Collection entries
══════════

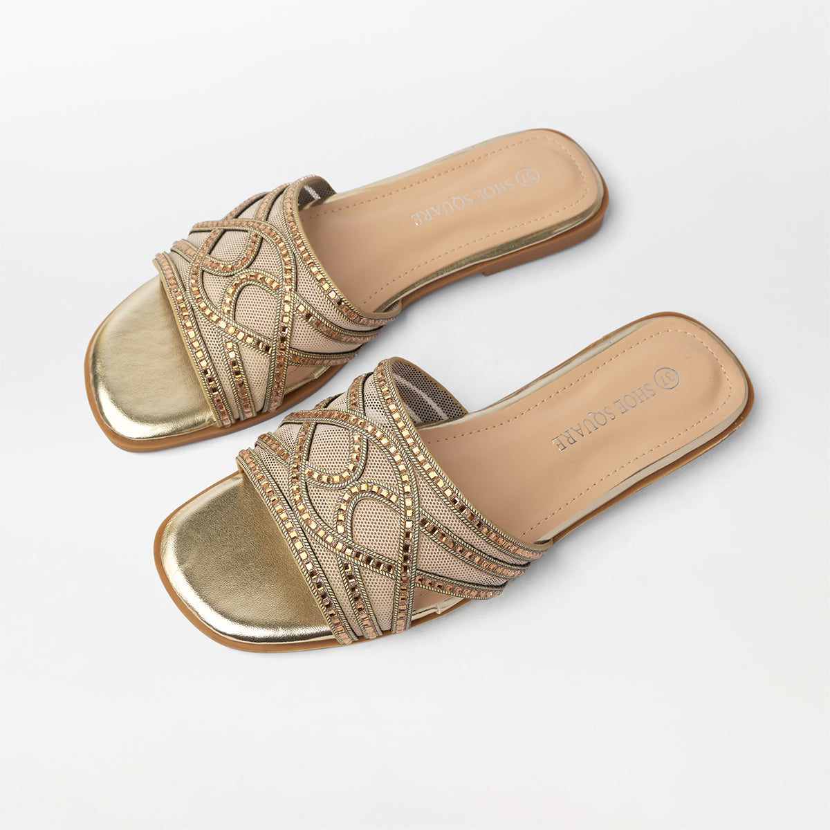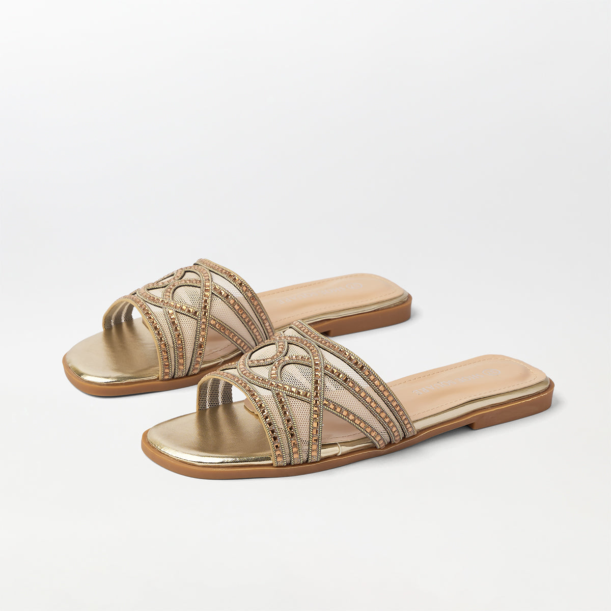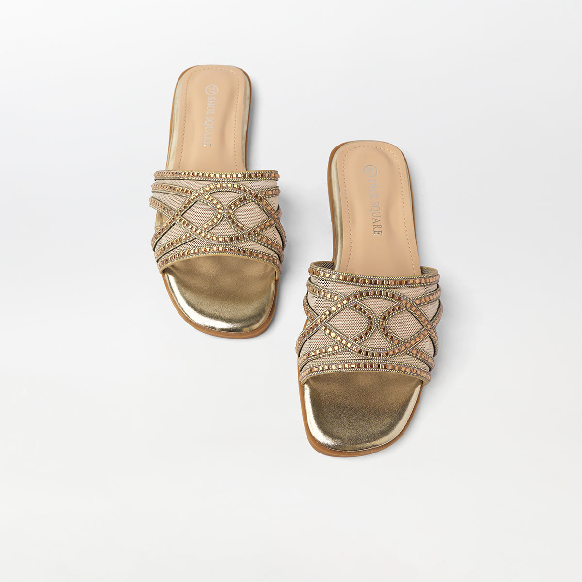 Elevate your everyday comfort with these exquisitely crafted flat slippers featuring intricate cut work design and shimmering rhinestone embellishments. The golden finish adds a touch of sophistication, making them perfect for both casual lounging and entertaining guests. Meticulously designed with attention to detail, these slippers combine traditional artistry with modern comfort. The lightweight construction ensures all-day wearability, while the elegant embellishments make a subtle style statement. Ideal for those who appreciate quality craftsmanship and refined aesthetics in their footwear collection.
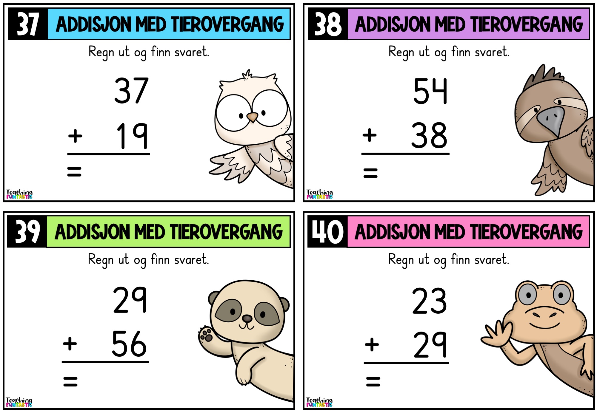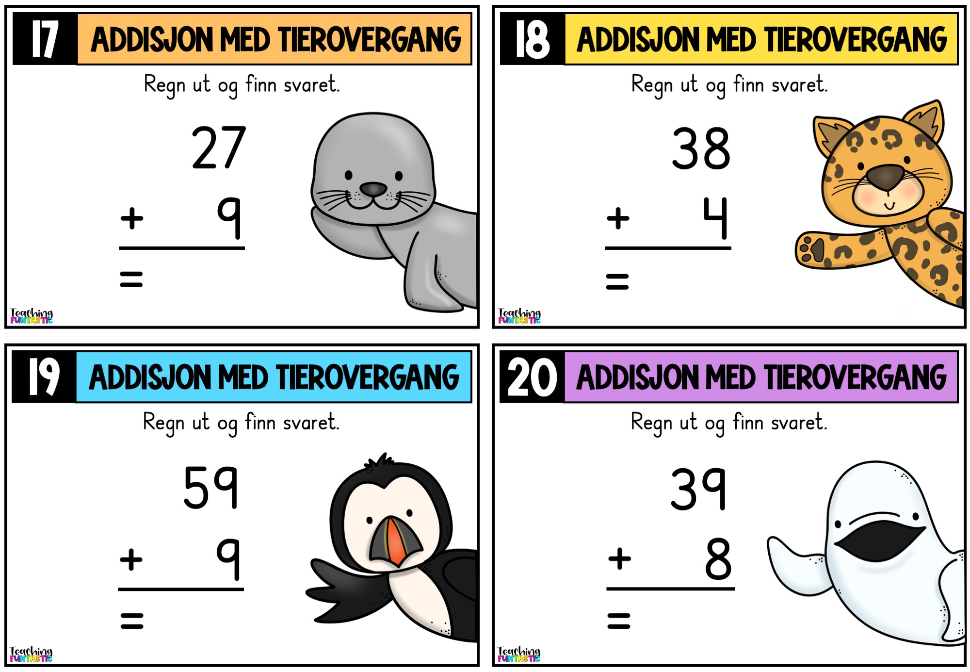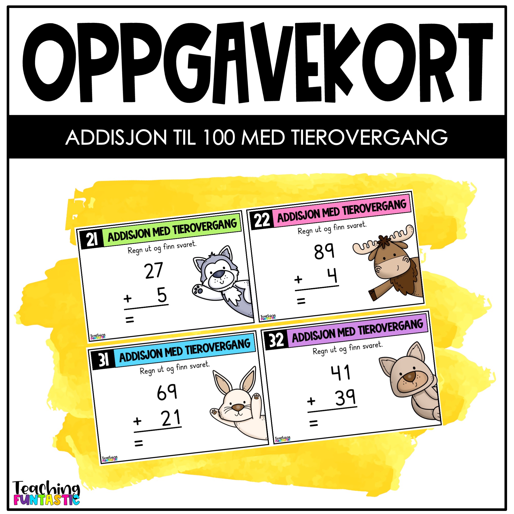 Oppgavekort i matematikk – Addisjon med tallene til 100 med tierovergang
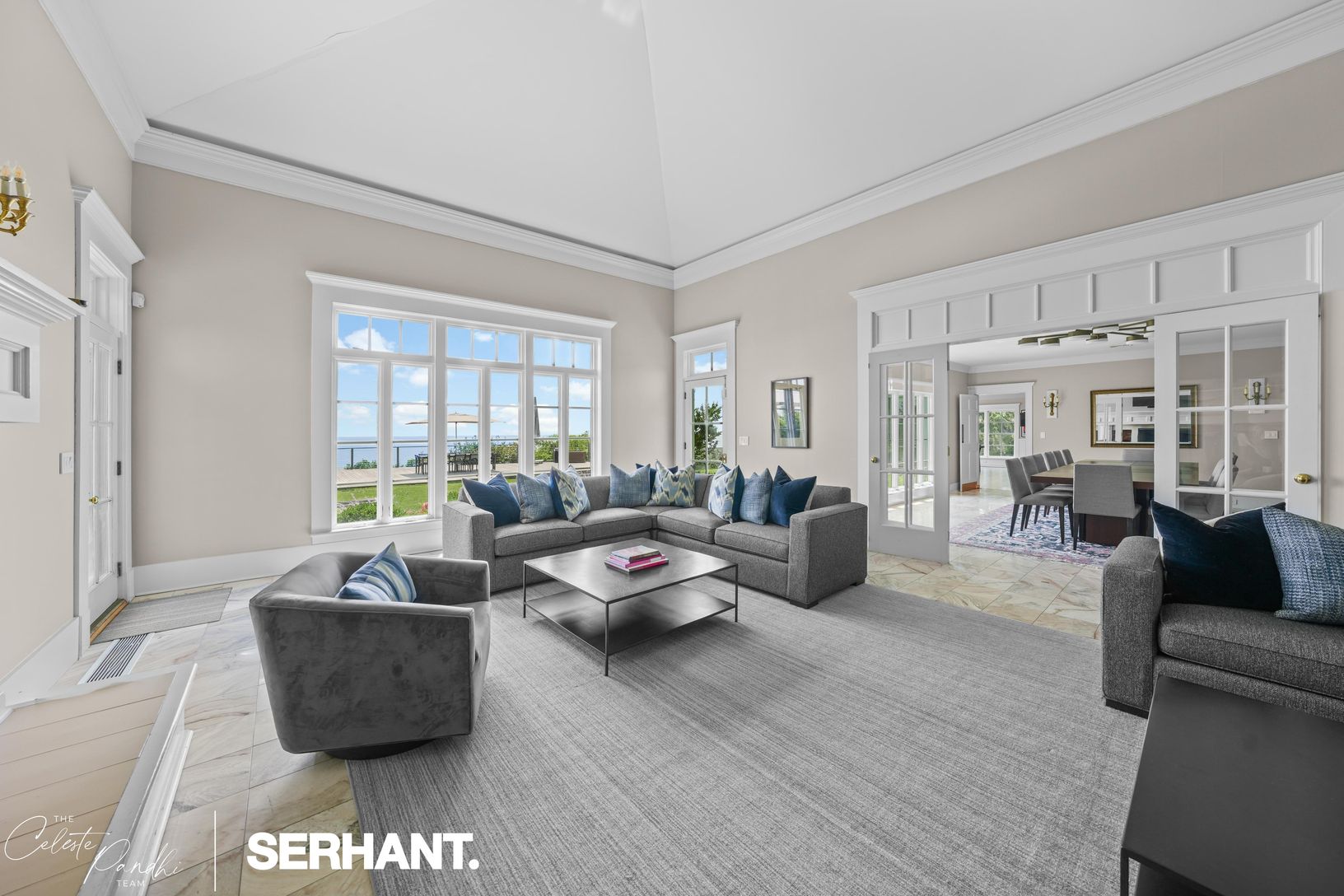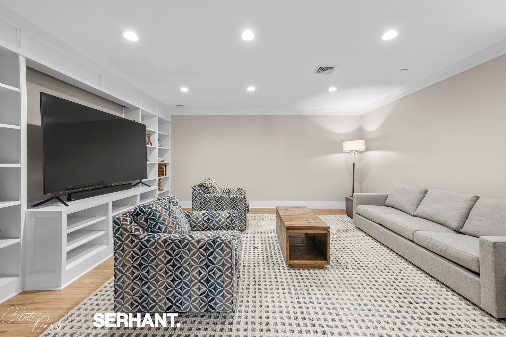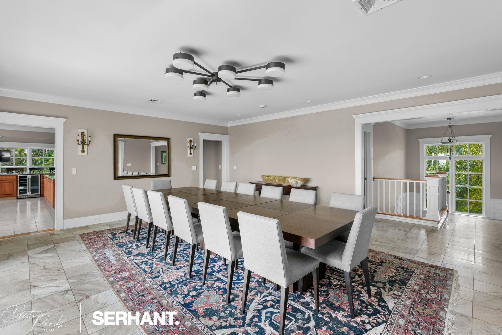 The ground level welcomes with a gracious foyer, media lounge, game room, gym, and three bedrooms — including a bunk room ideal for guests — along with
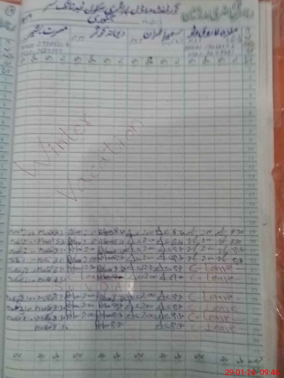 | CNIC | Full Name | Designation | R/C | Absence During Last Calender Month |
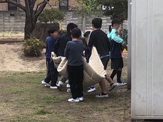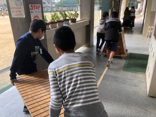作品展が近づいてきました。5年生が会場の準備をしています。体育の用具を片付けています。
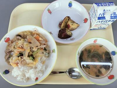 今日は「おおきな おおきな おいも」の本から「大学いも」が出ました。

══════════

▶ **Try it**
Begin at the line that contains "作品展が近づいてきました。5" and transcribe exactly, and only, each line through the final line of the data above, both included; the pictures do not go in.

▶ **Answer area**
作品展が近づいてきました。5年生が会場の準備をしています。体育の用具を片付けています。
 今日は「おおきな おおきな おいも」の本から「大学いも」が出ました。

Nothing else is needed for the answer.